Post-synthesis verification

Every [Source N] marker is verified to resolve to a real chunk in the provided block. Any inline citation in the synthesized text is run through the citation parser and looked up againstcorpus_documents. If a citation cannot be resolved, the synthesis is flagged for regeneration; this catches the rare model hallucination that slips through prompt enforcement.

06

Refusal layers

Two refusal mechanisms. Retrieval-side: if the top reranked chunks score below 0.3 normalized, synthesis is skipped entirely and the practitioner sees a refusal with suggested next-step authorities. Synthesis-side: the prompt instructs the model to refuse when the sources block is insufficient. Refusal rate on our out-of-corpus eval set: 96.8%.

07

Currency tracking

Every corpus document carries effective date, supersession status, amendment history, and (where applicable) superseded_by reference. Retrieval filters on currency before reranking unless the query is explicitly historical.
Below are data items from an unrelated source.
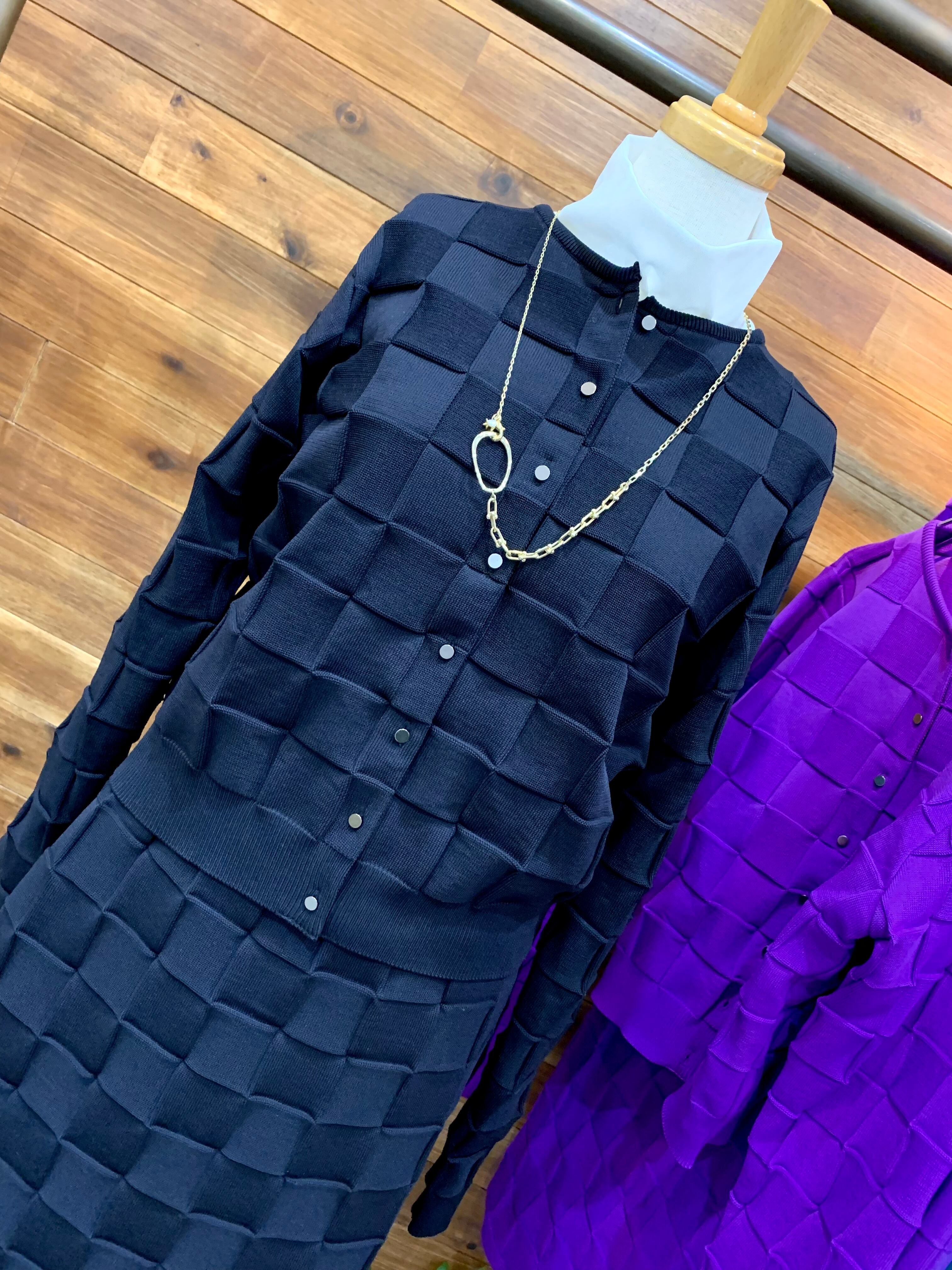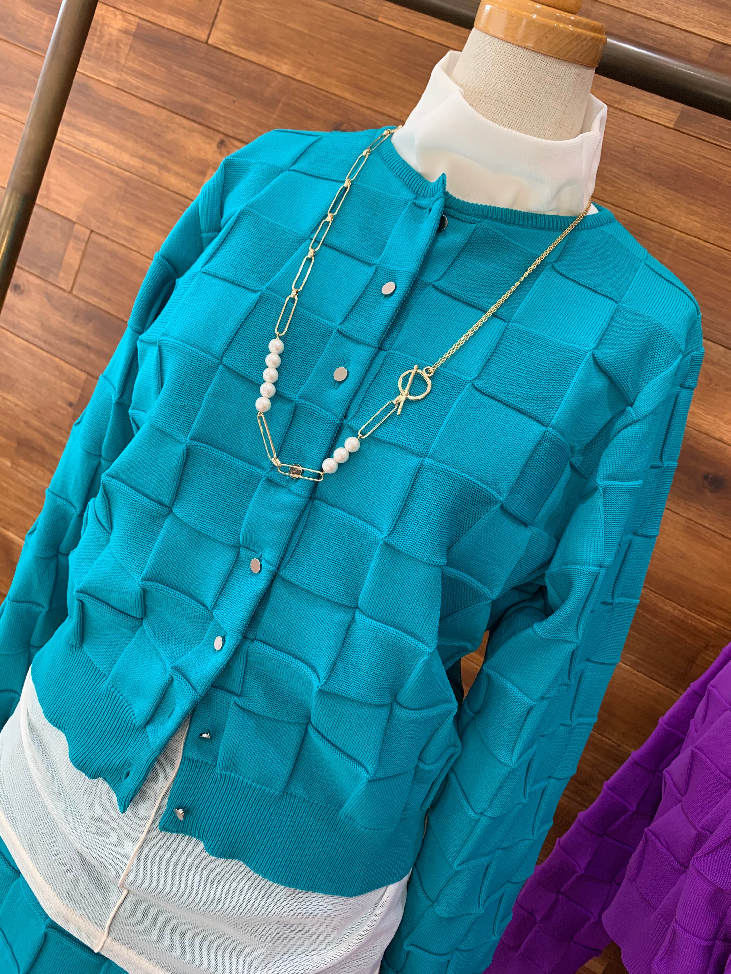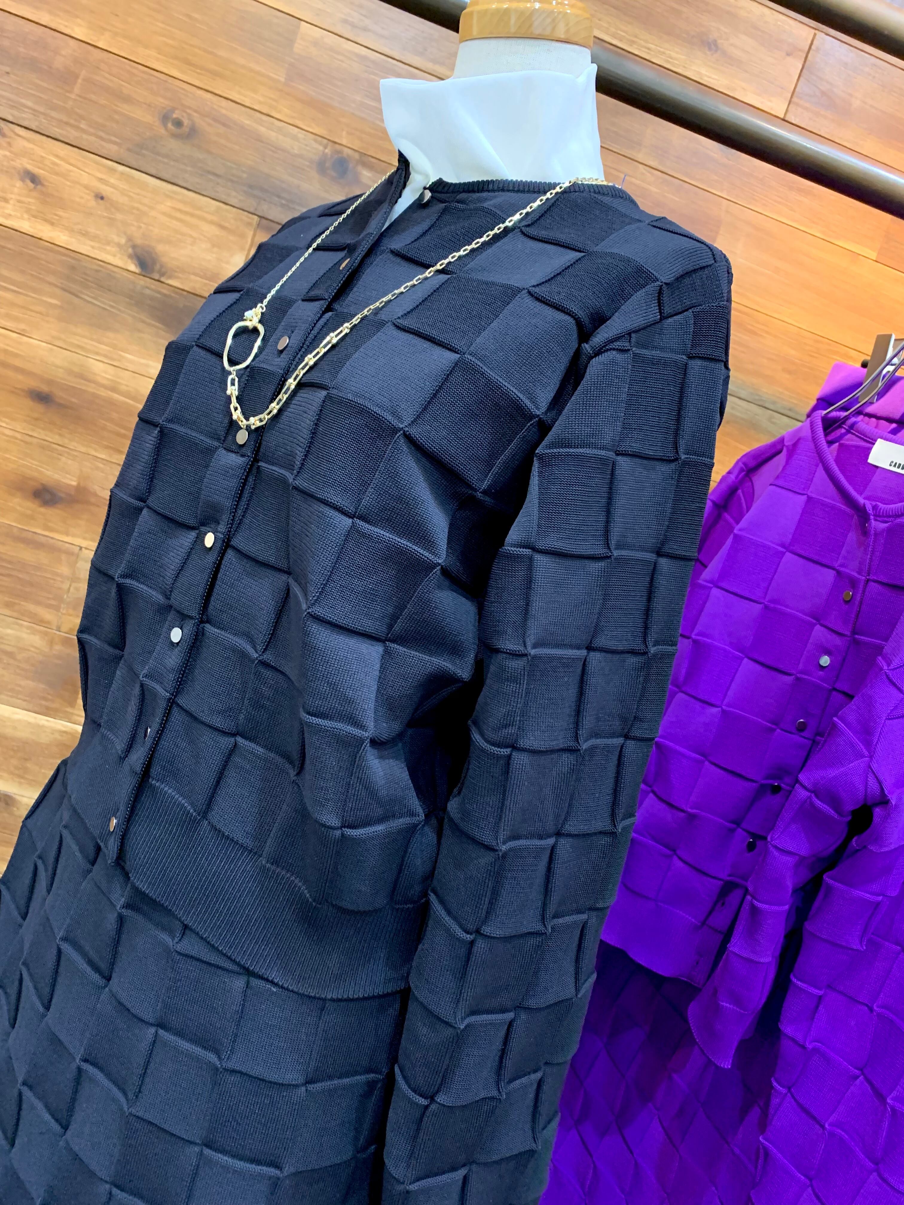 ブロックチェックの柄が、モードな雰囲気のニットカーディガン♡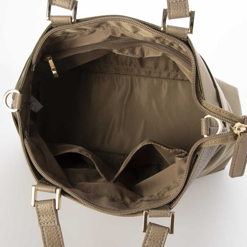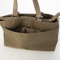 ちょっとしたお出かけやお買いものに便利な小ぶりサイズのトートバッグ。やわらかな光沢感が上品なナイロン素材とシュリンクシボのフェイクレザーのコンビが特徴的で、いつものコーデを格上げしてくれるアイテムです。長財布が余裕で収納できるサイズ感で、6つのポケットで持ち物を整理してご使用いただけます。ショルダーストラップは取り外しでき、シーンやスタイルに合わせて持ち方を変えられる2WAY仕様です。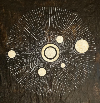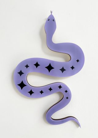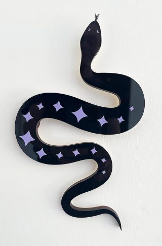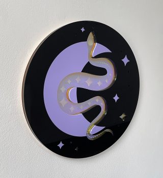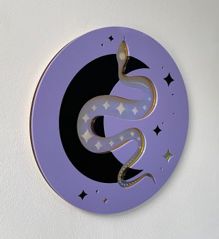 Lilac, black and iridescent acrylic with plywood backing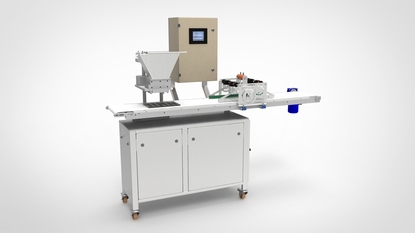 Формы, предварительно подогретые до необходимой температуры, подаются на транспортер вручную. Позиционирование формы под депозитором осуществляется посредством направляющих, остановка в заданном положении посредством оптического датчика.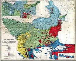 The Aromanians conform a Balkan ethnic group which is scattered in several countries such as Albania, Bulgaria, Greece, North Macedonia, Romania and Serbia.[1][2] Usually, the neighbors of the Aromanians use the term "Vlach" (Turkish: Ulahlar) to refer to them. However, the same term is also used for the Megleno-Romanians, a small related Balkan people.[3] Before the establishment of the Ullah millet, the Aromanians were under the jurisdiction of the Greek Ecumenical Patriarchate of Constantinople. This was because they practised Eastern Orthodoxy. During this time, most of the priests were Greeks and the Aromanians could not use their own language in church services. This conflict between the Aromanians and Greeks eventually escalated to physical violence, sparking fights between members of both groups. Due to this, the Aromanians started to call for help to the Ottoman authorities and the Romanian Government.[4]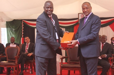 Mr. Silas Mugeria receives long service award from Central Bank of Kenya Governor Patrick Njoroge during the banks 50th anniversary celebration . The lawyer worked for the bank for over 39 years before venturing into private practice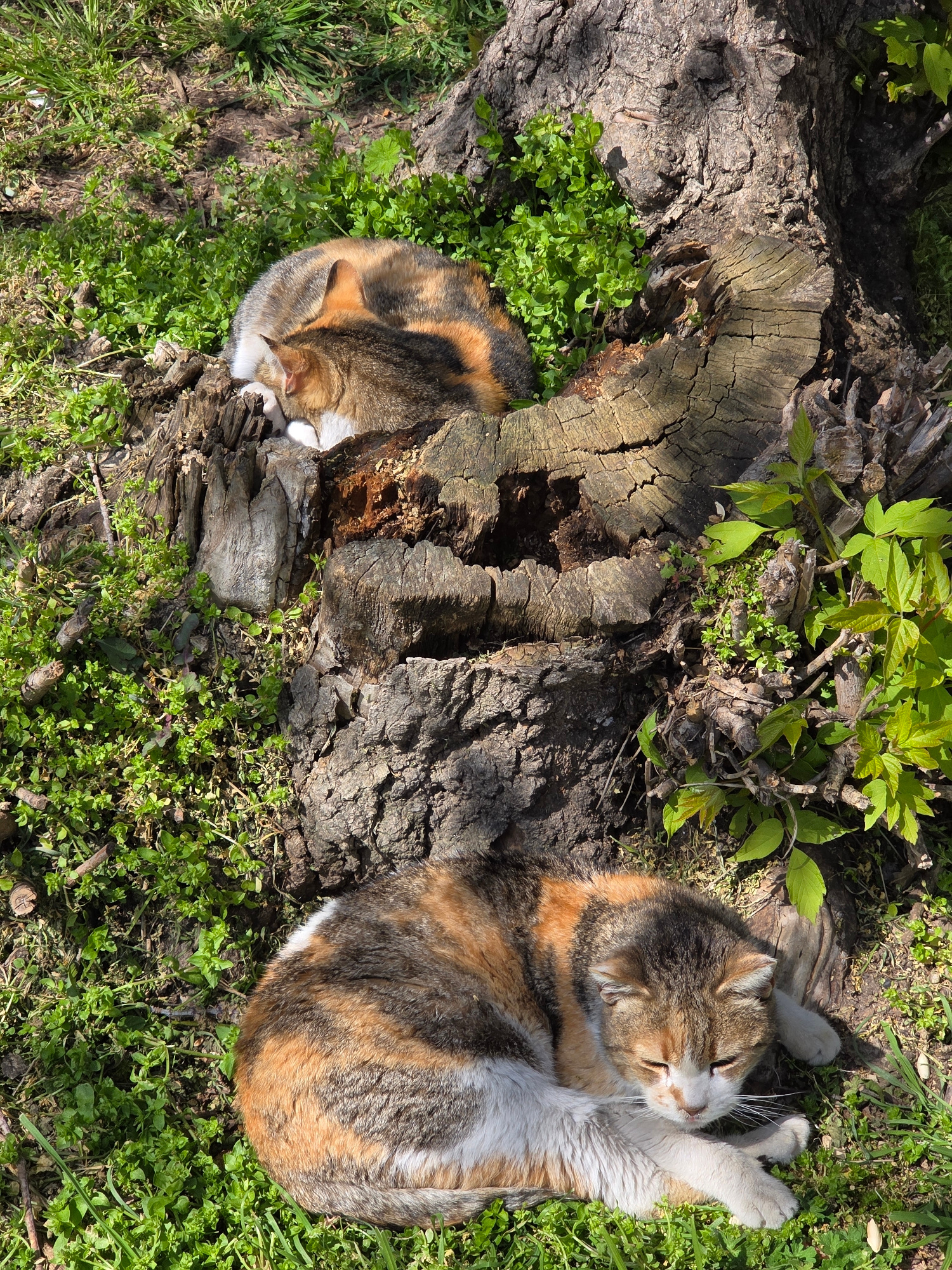Two calico cats are resting outdoors beside and inside of a decaying tree stump. The scene is set on grass. The location appears to be Varna, Bulgaria, but this is an inference as no definitive landma…read more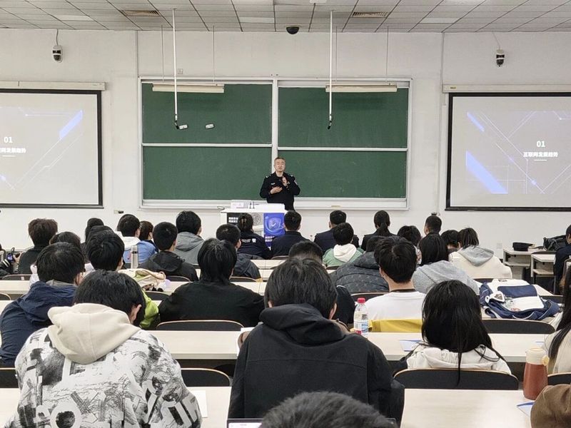 随后,刘昊立足国家网络安全政策导向,围绕“新时代互联网网络安全”这一重要议题,从互联网发展趋势、网络现状与隐患、AI与新业态发展以及个人信息保护四个方面展开讲解。刘昊结合快手平台黑客入侵等真实案例,解读了AI技术带来的新的安全风险,向同学们科普了AI换脸诈骗等新型网络隐患。同时,针对大学生个人信息暴露场景多、防范意识薄弱的特点,刘昊围绕《网络安全法》《个人信息保护法》等相关规定,教会同学们如何保护个人信息,防止个人信息的泄露和滥用。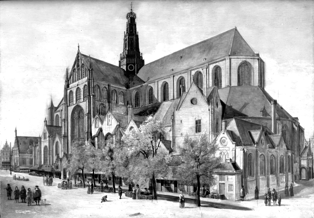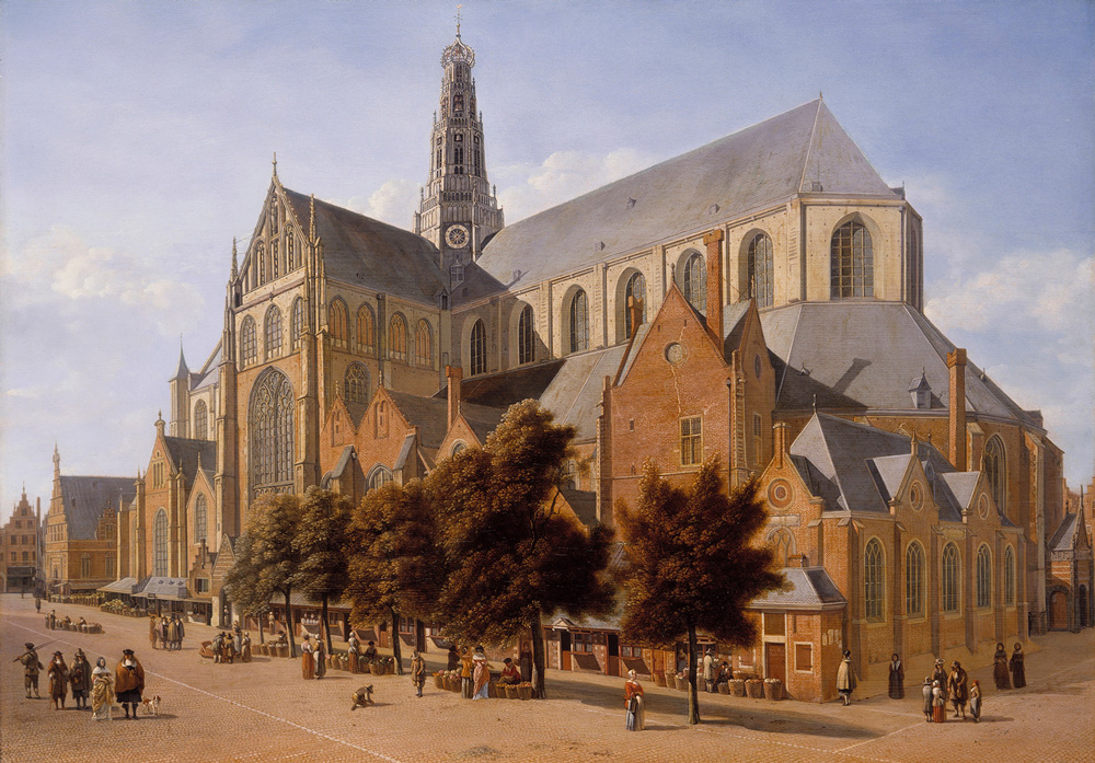 Gerrit Berckheyde, Dutch, 1638-1698, The Grote or St. Bavokerk in Haarlem, 1666, oil on panel, Otto Naumann Ltd, New York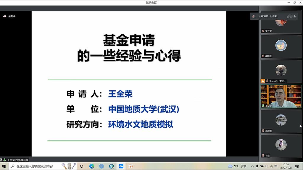 12月8日下午,应学校生态环境学院邀请,中国地质大学(武汉)王全荣教授作题为“基金申请的一些经验与心得”的线上交流报告。本次会议由廖欣副教授主持,生态环境学院与其他学院的部分教师参加了本次会议。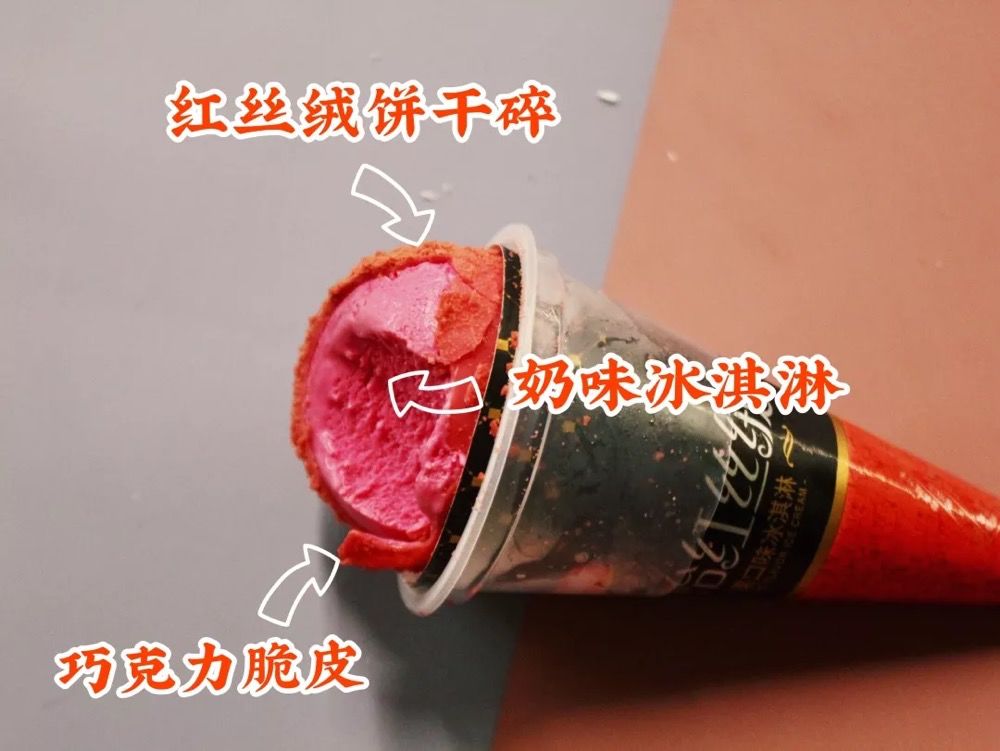 这款外观上看起来和甜筒款一样,外面一层红红的「红丝绒饼干屑」,外加一层红红的巧克力脆皮,红红火火恍恍惚惚。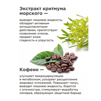 Экстракт критмума морского — способствует выведению лишней жидкости и обладает активным антицеллюлитным действием, препятствует появлению отеков, придает коже гладкость и упругость.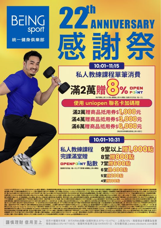 🎉 BEING sport 22週年感謝祭開跑! 🎉 💪 私人教練課程🏷 單筆消費滿2萬元,贈8%OPENPOINT點數💳 用uniopen 聯名卡,最高再送6000元商品抵用券|教練課優惠|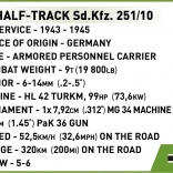 Stavebnica Half-Track Sd.Kfz. 251 prináša autentický zážitok zo stavby aj hrania. Vďaka detailným potlačiam, pohyblivým kolesám s gumovými pneumatikami a realistickým pásom sa model správa ako skutočné vozidlo. Otváracie zadné dvere a množstvo doplnkov podporia kreatívne scenáre.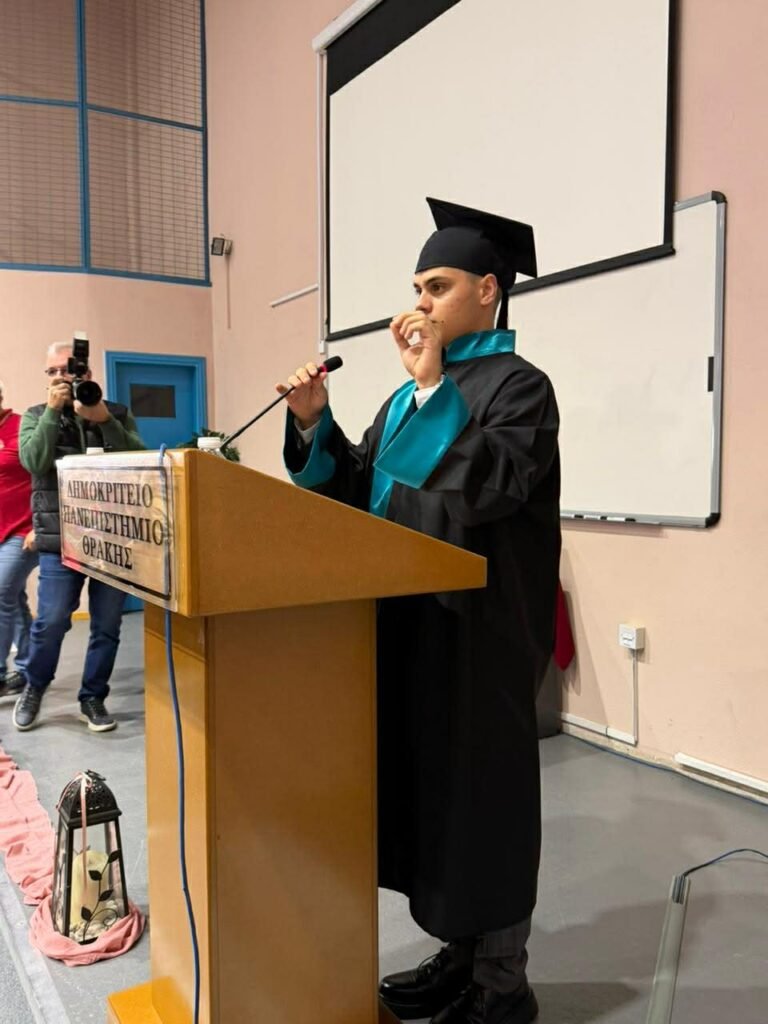 Στη συνέχεια, ο Πρόεδρος του ΓΕΩΤΕΕ Θράκης κ. Τριαντάφυλλος Παπαδάκης συνεχάρη τις/τους αποφοίτους που ολοκλήρωσαν με επιμονή και αφοσίωση μία απαιτητική διαδρομή, και τόνισε ότι το Γεωτεχνικό Επιμελητήριο θα στέκεται πάντα αρωγός στα επόμενα βήματά τους για να στηρίξει το έργο τους στην αειφόρο ανάπτυξη, την προστασία των φυσικών πόρων και την κοινωνική πρόοδο.

OBBBA repealed the TCJA sunset; the system treats pre-2026 sunset analysis as historical context, not current authority, automatically.

08

Audit and reproducibility

Every research session writes a research_session row, every retrieval writes research_retrieval rows, every model call writes aresearch_synthesis row with the full prompt, prompt hash, model version, and generated text. A practitioner running the same query against the same corpus state gets the same answer. The firm's audit log retains everything per state-bar policy.

09

Evaluation

Continuous eval against 200+ hand-curated estate/tax research questions with attorney-verified ideal citations, plus a 100-question out-of-corpus refusal set, a 50-question conflict-surfacing set, and a 50-question currency-accuracy set. Every change to retrieval, reranking, prompt, or chunking is gated on the eval. Regressions block merge.

Last reviewed by Director of Legal Content · 2026-05-10